» **WHAT THE TASK REQUIRES**
Transcribe the records below in their entirety, and leave out each image.

■ ■ ■ ■ ■ ■ ■

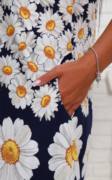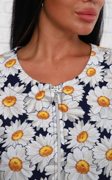 525 Халат на молнии р.48-50*60-62 темно-синий-белый-ромашка
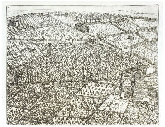 On occasion, Helmy turned out agricultural scenes with sensitivity to rural landscapes and its peasantry that commonly were found in Efflatoun’s paintings from the 1950s onward. An undated etching most likely made during the period between 1956–1966, and entitled Agricultural Production (Figure 11) in the family digital archive, shows Helmy’s interest in rural subjects. The art critic Al-Razzaz also described the title as al-intaj al-zira`a (agricultural production), that suggests a strong attention to what he considered to be the artist’s attention to socialist aspirations and conditions of Egyptian economic and social life (Al-Razzaz 2006). Applying a bird’s eye view, her sweep of the terrain and details of subdivided lands may be viewed alongside a reading of Abdel Rahman Al-Sharqawi’s social novel, Al-Ardh (The Earth). The slightly fragmented outlines of the human figures, shown at work in the different fields, seep into the land and crops that they till, so that a blending of forms, gender, and nature, are subsumed into one another. Each figural representation is indistinct from each other, rather a consensus of shared work is distributed about the entire etching. Helmy’s overview of agricultural labor, shows a marked turn from the emphasis on individual and group scenes of characters that dominated the illustrations by Hassan Fu`ad, the original illustrator for the first edition of Al-Sharqawi’s novel, originally serialized in newspapers and first printed in 1953–1954. Helmy also does not show any large estate home or any other marker of the status of the large landowners who dominated ownership and conditions in modern Egyptian agriculture up through this period. However, in the center of the scene is a triangular field that may be corn or perhaps sugar cane. It is the pattern of the fields, their subdivisions into small parcels, that dominate the composition, and there is a rather even distribution of peasant men and women around the fields, for only a cluster of three are shown tilling the rows of a new field. The scene is of a verdant agriculture, the product of the collection of workers, shown in gestural relief. The location of this rural scene is uncertain, although the art critic Al-Razzaz places her rural scenes at “el-Temsah village in Islamia Province” in lower Egypt (Al-Razzaz 2005b, p. 36; 2006, p. 48), while the family archives contain another etching with the location titled after the Upper Egyptian village of Timshayya, where her grandparent’s family originated.
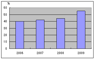 이에 Sekisui Chemical은 2008-09년 호조에 힘입어 시장점유율 확대에 박차를 가하고 있다. 중국 Hanzhou에서 건설중인 2개 라인은 예정대로 2009년 가동함으로써 중국시장에 대응하는 등 벨류체인 강화 및 생산체제 정비를 지속적으로 추진해나갈 방침이다. 표, 그래프: | Sekisui의 자동차 유리중간막 세계시장 점유율 변화 | Sekisui Chemical의 유리중간막 생산현황 | <화학저널 2009/11/24> |
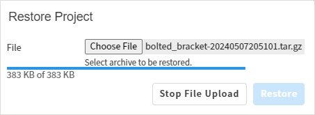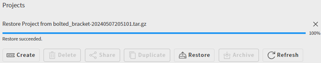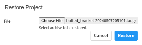 If you archived a project, you can restore the project on any Ansys HPC Platform Services server using the Restore action.
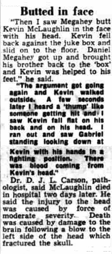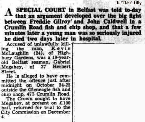 While Gabriel Megahey’s deportation from the US was later halted in the name of the ‘peace process‘, he had initially hidden from the American authorities then as now his 1962 criminal trial and conviction in Belfast for headbutting and killing 24yrs old Kevin McLaughin of Highbury Street.
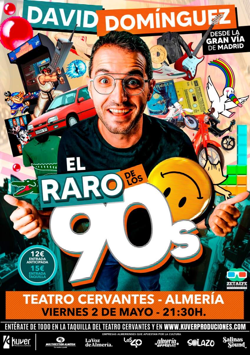 «El raro de los 90» es un espectáculo de humor en el que David Domínguez da un repaso en tono irónico, simpático y gamberro a sus vivencias y en la maravillosa década de los 90.

■ ■ ■ ■ ■ ■ ■

» **EXERCISE SOLUTION**
 525 Халат на молнии р.48-50*60-62 темно-синий-белый-ромашка
 On occasion, Helmy turned out agricultural scenes with sensitivity to rural landscapes and its peasantry that commonly were found in Efflatoun’s paintings from the 1950s onward. An undated etching most likely made during the period between 1956–1966, and entitled Agricultural Production (Figure 11) in the family digital archive, shows Helmy’s interest in rural subjects. The art critic Al-Razzaz also described the title as al-intaj al-zira`a (agricultural production), that suggests a strong attention to what he considered to be the artist’s attention to socialist aspirations and conditions of Egyptian economic and social life (Al-Razzaz 2006). Applying a bird’s eye view, her sweep of the terrain and details of subdivided lands may be viewed alongside a reading of Abdel Rahman Al-Sharqawi’s social novel, Al-Ardh (The Earth). The slightly fragmented outlines of the human figures, shown at work in the different fields, seep into the land and crops that they till, so that a blending of forms, gender, and nature, are subsumed into one another. Each figural representation is indistinct from each other, rather a consensus of shared work is distributed about the entire etching. Helmy’s overview of agricultural labor, shows a marked turn from the emphasis on individual and group scenes of characters that dominated the illustrations by Hassan Fu`ad, the original illustrator for the first edition of Al-Sharqawi’s novel, originally serialized in newspapers and first printed in 1953–1954. Helmy also does not show any large estate home or any other marker of the status of the large landowners who dominated ownership and conditions in modern Egyptian agriculture up through this period. However, in the center of the scene is a triangular field that may be corn or perhaps sugar cane. It is the pattern of the fields, their subdivisions into small parcels, that dominate the composition, and there is a rather even distribution of peasant men and women around the fields, for only a cluster of three are shown tilling the rows of a new field. The scene is of a verdant agriculture, the product of the collection of workers, shown in gestural relief. The location of this rural scene is uncertain, although the art critic Al-Razzaz places her rural scenes at “el-Temsah village in Islamia Province” in lower Egypt (Al-Razzaz 2005b, p. 36; 2006, p. 48), while the family archives contain another etching with the location titled after the Upper Egyptian village of Timshayya, where her grandparent’s family originated.
 이에 Sekisui Chemical은 2008-09년 호조에 힘입어 시장점유율 확대에 박차를 가하고 있다. 중국 Hanzhou에서 건설중인 2개 라인은 예정대로 2009년 가동함으로써 중국시장에 대응하는 등 벨류체인 강화 및 생산체제 정비를 지속적으로 추진해나갈 방침이다. 표, 그래프: | Sekisui의 자동차 유리중간막 세계시장 점유율 변화 | Sekisui Chemical의 유리중간막 생산현황 | <화학저널 2009/11/24> |
 If you archived a project, you can restore the project on any Ansys HPC Platform Services server using the Restore action.
 While Gabriel Megahey’s deportation from the US was later halted in the name of the ‘peace process‘, he had initially hidden from the American authorities then as now his 1962 criminal trial and conviction in Belfast for headbutting and killing 24yrs old Kevin McLaughin of Highbury Street.
 «El raro de los 90» es un espectáculo de humor en el que David Domínguez da un repaso en tono irónico, simpático y gamberro a sus vivencias y en la maravillosa década de los 90.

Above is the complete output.